The two bills passed by the National Assembly – Petroleum Industry Bill (PIB) and the Electoral Act Amendment Bill 2021 are facing criticism from Nigerians.
There were three most important issues in the legislative agenda when the 9th Assembly was inaugurated on 11 June 2019.
The agenda was prioritised based on the yearnings of Nigerians. Among some of the critical aspects of the 9th Senate’s legislative agenda was the much talked about Petroleum Industry Bill (PIB), 2010 Electoral Act (Amendment) Bill and the Amendment of the 1999 Constitution.
While unveiling the agenda, the President of the Senate, Ahmad Lawan specifically, disclosed that they are working on a National Assembly that works for the people.”
On the first day of July, 2021, the PIB was passed but not without drama and a call for a division.
While considering the bill clause-by- clause, a drama ensued when Sen Ahmed Babba- Kaita called for an amendment on page 240 of the 542 page document to reduce the proposed five per cent of the actual annual operating expenditure of the preceding financial year in the upstream petroleum operations for the host communities.
President Umaru Musa Yar’Adua who first introduced the PIB proposed 10 per cent for the host communities. When the Buhari’s administration was introducing the bill in the 8th Assembly, five per cent was proposed for the host communities.
Introducing the bill in the 9th assembly, the Buhari’s administration reduced the percentage for the host communities to 2.5 per cent. The committee in their efforts, based on submission made by Nigerians, increase the percentage for the host communities to five per cent.
But before the passage, the Minister of State for Petroleum, Timipre Sylva and the Group Managing Director (GMD) of the Nigeria National Petroleum Corporation, Mele Kyari were admitted into the red chamber and the story changed. Three per cent have been harmonised for the host communities.
On the passage of the contentious electoral act, clause 52 (3) – electronic transmission of elections results was the big issue at the Senate. As usual, Nigerian Communications Commission (NCC) was not only invited, the clause provided that the Independent National Electoral Commission (INEC) must seek for their nod and that of the National Assembly before transmitting election results electronically.
Nigeria’s electoral umpire’s Independent is at risk if the Senate version eventually gets to the President for his assent.

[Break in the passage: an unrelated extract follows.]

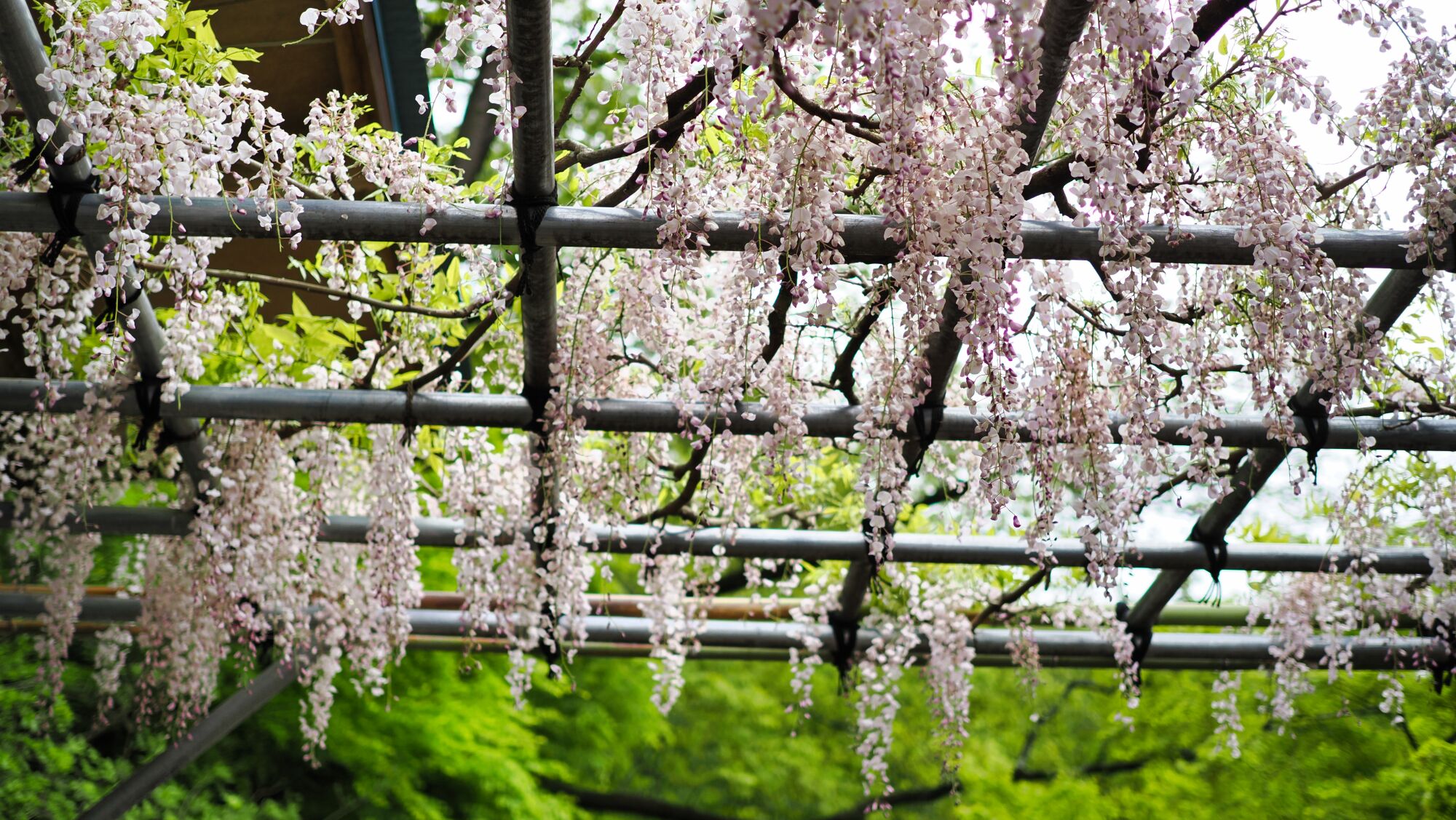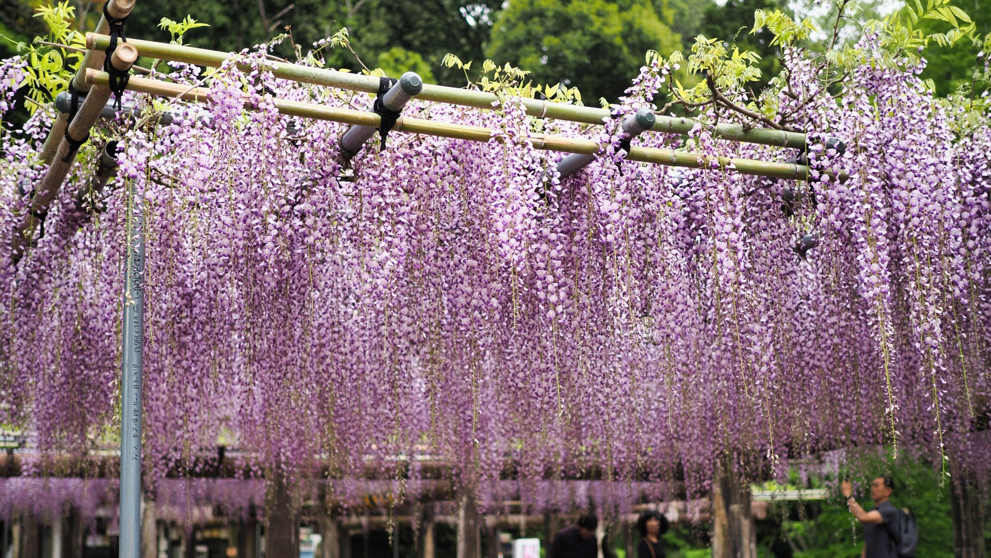 先日、町田ぼたん園の帰りに薬師池に立ち寄り藤の写真を撮ったが、5分咲であった。

INEC’s functions as contained in Section 15, Part 1 of the Third Schedule of the 1999 Constitution (As Amended) and Section 2 of the Electoral Act 2010 (As Amended) should not be tempered with. Such functions gives the commission power as an independent body to prepare and conduct elections.
Section 78 of the Constitution provides that “The registration of voters and the conduct of elections shall be subject to the direction and supervision of the Independent National Electoral Commission”.

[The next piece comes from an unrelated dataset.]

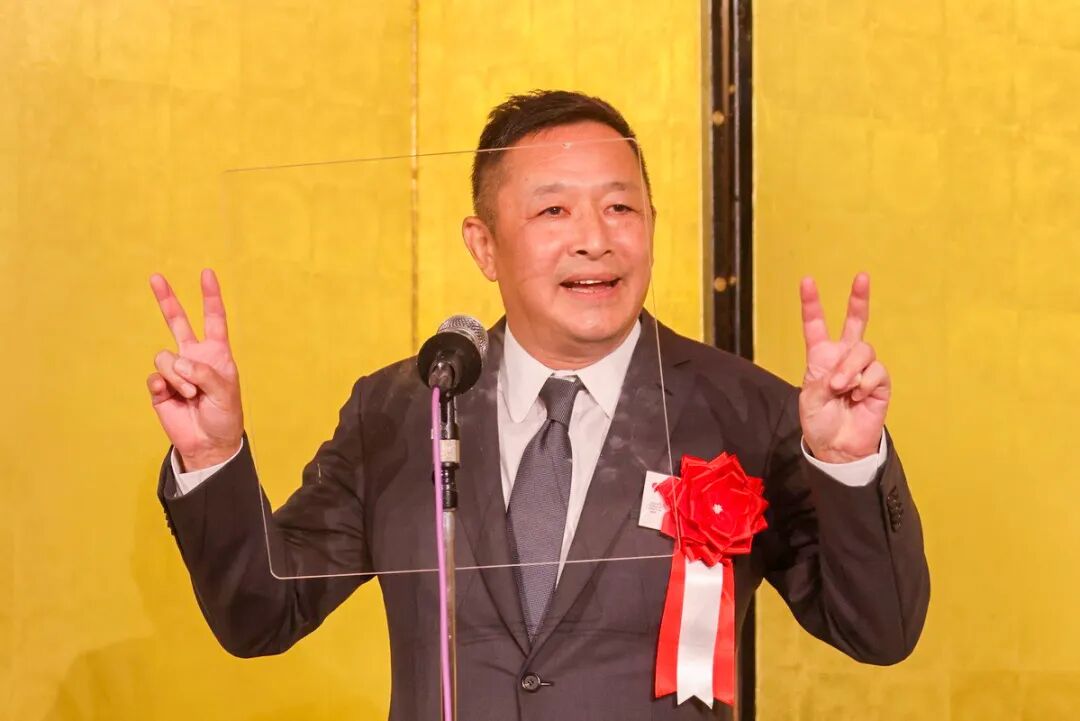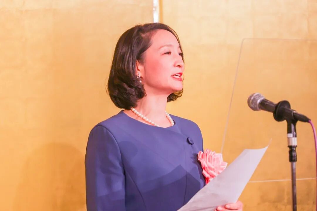 日本财界研究所代表取缔役村田博文发表祝酒词。中国驻日本大使馆公使衔参赞张沛霖、日本医疗国际化机构理事长蒋晓松、T&K株式会社代表取缔役社长华思林等嘉宾移步主席台,与在场来宾举杯共饮、合影留念。

In the third schedule, part 1,F, S.15, INEC has power to organise, undertake and supervise all elections.
With the constitution empowering INEC to issue guidelines on when and how elections should take place, it will amount to gagging the commission if a different agency – NCC and the National Assembly determine where and when electronic transmission of results should take place.
The Nigeria constitution provides that INEC’s operation shall not be subjected to the direction of anybody or authority and it was named Independent National Electoral Commission for that purpose to be achieved. Through it’s relevant departments, INEC has been preparing and executing elections including taking security risk assessment and the commission has started clearly it has the capacity to conduct and transmit election results electronically.

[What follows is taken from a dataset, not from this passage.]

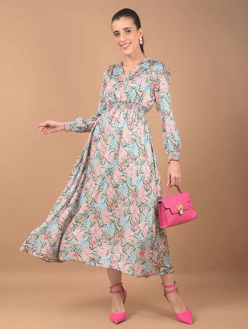 - Dress up in a soothing pattern and don this dress made of polyester material.

The draconian laws been churn out my the country’s lawmakers are being scrutinized by Nigerians with some people saying that voting in the National Assembly should be done to protect the weak rather than showing numerical strength.
Decrying what happened at the floor of the Senate concerning the two bills, the Senator representing Bayelsa Central Senatorial District, Seriake Dickson saying that in a diverse country like Nigeria, relying on the views of the majority without considering the affected communities can’t build the nation.
“Justice and protection of the weak and the few is what build a nation. That should inform our political leaders. Relying on number without justice, it is inimical to nation building,” Dickson added.
Dickson called on President Muhammadu Buhari not to sign the bills until more consultation and considerations are made.